The bear left her yard. She didn’t hear anything about it for about an hour and a half, when she took her son to school.
“I heard cars screeching,” Schoonmaker says. She thought, “Oh my gosh, there’s a bear in the Renton Highlands.”
Schoonmaker lives at Northeast 16th Street and Aberdeen Avenue Northeast.
From Schoonmaker’s house, police say the bear ran down Aberdeen. Palmer says she heard a Kennydale Elementary boy say he then spotted the bear at the Safeway about half a mile away. The bear then wound up high in the Northeast 16th Street cedar tree.
Fish and Wildlife officer Richards climbed a Renton fire truck ladder about 80 feet up the tree and shot two tranquilizer darts into the bear. He then roped one of the bear’s legs, which wasn’t easy.
“I had a hard time putting a rope on a bear that kind of wants to bite you,” he says.
The darts made the bear woozy, and he tipped over backward onto a tarp net below the tree.
It was gravity that brought the bear down, jokes Jeff Vollandt, a Renton firefighter with the city’s technical rescue team.
But even gravity wasn’t enough to finish the bear. Richards, the wildlife officer, had to inject tranquilizers into the bear twice more after his fall from the tree.
“It took quite a bit,” Richards says. “Even when he came down from the tree he was still going.”
Several police and fire officers then rolled the bear in the tarp and loaded him into an animal control truck. It took six men to lift the bear, Palmer says. The job wasn’t finished until about 9:30 a.m.
Palmer was just one of the spectators at the tree, which stands in the yard of a Kennydale home.
“The homeowners were standing out there with their mouths hanging open,” Palmer says.
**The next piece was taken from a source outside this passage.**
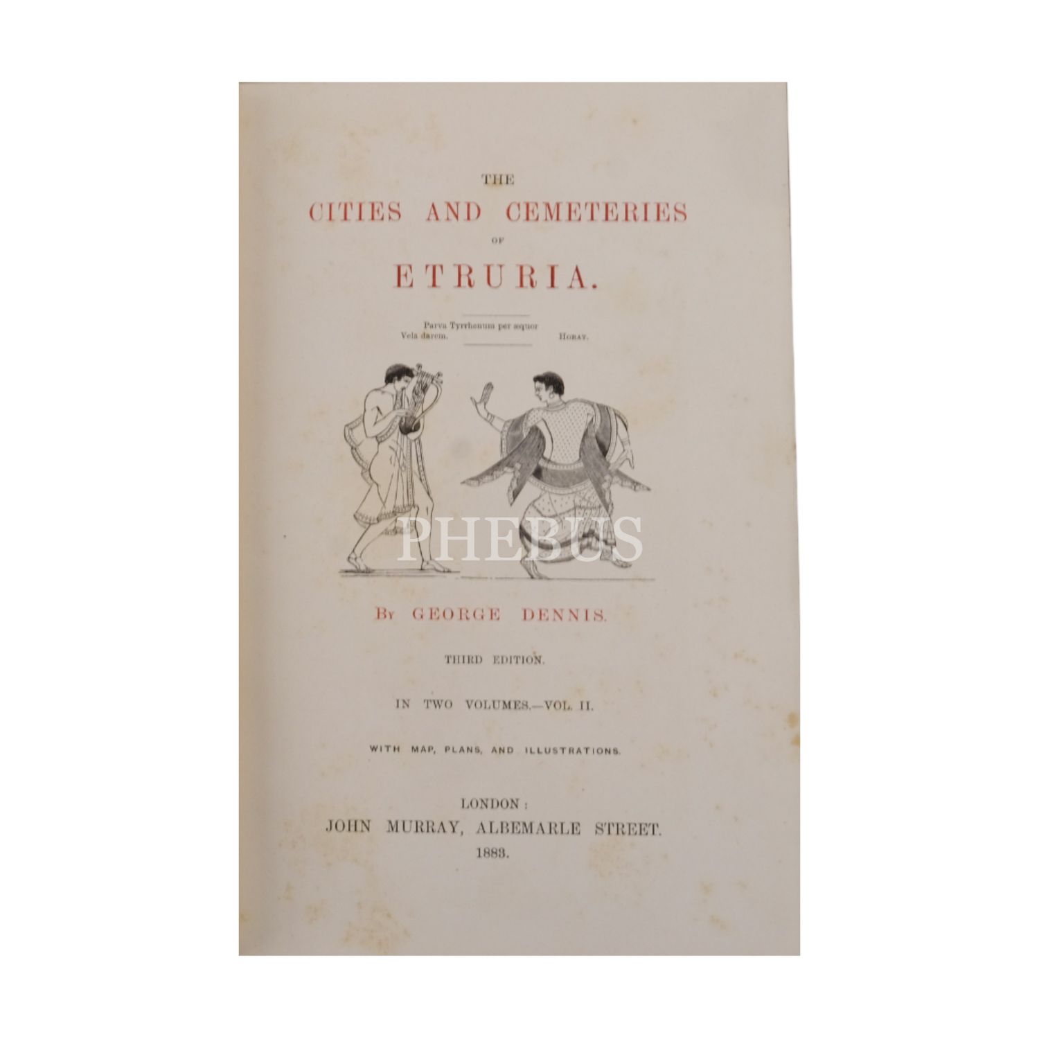 THE CITIES and CEMETERIES OF ETRURIA, 2 cilt,George Dennis, 1883, John Murray, Londra, 501+579 sayfa, 17x24 cm...

Many of the firefighters and police officers weren’t any different, Palmer adds.
“I just got a kick out of the officers,” she says. “All the public safety officials were just so stunned. They’re human, too.”
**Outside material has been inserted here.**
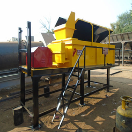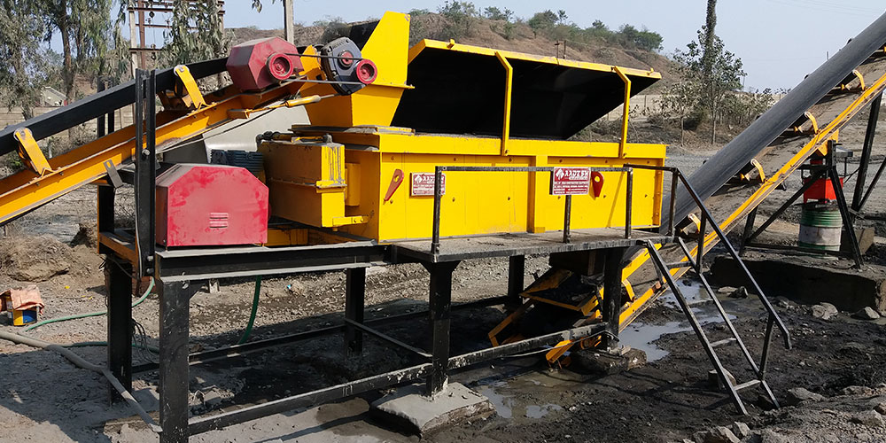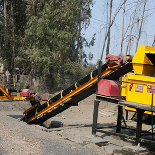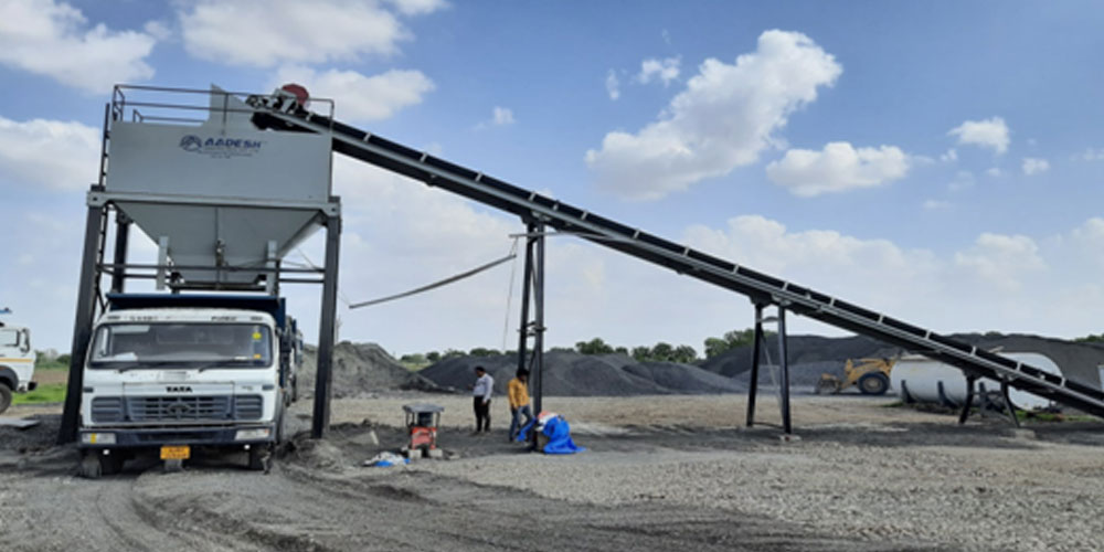 Slinger Conveyer conveying aggregate materials from four bin feeder to pug mill unit. Conveyor belt is M24 grade of MRF / Dunlop make.

Palmer snapped photos of the bear from about five feet away. That was the closest she’s been to a bear.
Renton firefighter Jeff Vollandt hasn’t seen many bears up close either. He saw a bear once, in the late 1980s, when growing up in Newcastle, but never like this.
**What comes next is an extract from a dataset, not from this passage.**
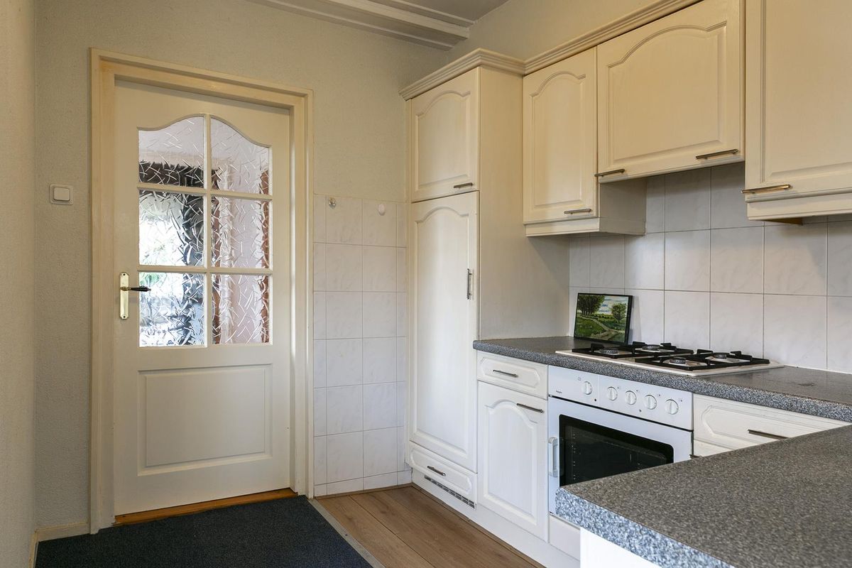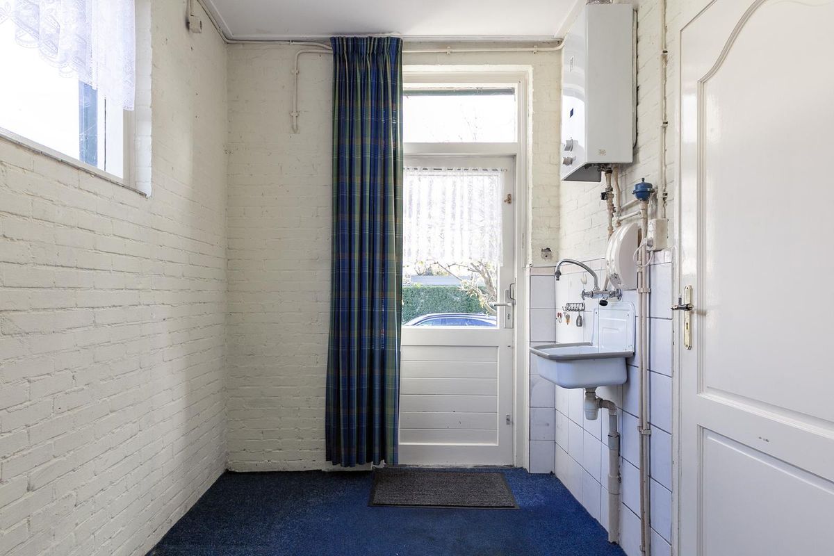 Volledig aan de achterzijde van de woning treffen we de bijkeuken aan, hier treffen we de wasmachine en droger aansluiting aan.

“This is one of those things you only see once in a career,” he says. “You don’t see a bear in areas like this, you just don’t. It’s kind of out of the ordinary. It’s nice to do something different.”
Fish and Wildlife officer Richards has seen more than one bear in his career. But not in neighborhoods like Kennydale. Controlling the Kennydale bear was especially tricky.
“It was an ordeal,” Richards says. “It was something I don’t normally do with ladder trucks and the whole thing.”
Richards says the bear is about four or five years old, and probably came from May Valley. He is one of the first to come out of hibernation.
The bear is now secured in a bear trap – basically a big pipe – in the yard of Richards’ Enumclaw home. He plans to have the bear checked for injuries at PAWS and then take him back to the wild. But not until the weather warms, melting the snow in the mountains and giving the bear access to food.
“I’d take him quite a ways away, a long, long ways, or he would probably come back,” Richards says. “The trouble is a long, long ways away, all there is is snow. There’s not the right conditions to putting the bear out now.”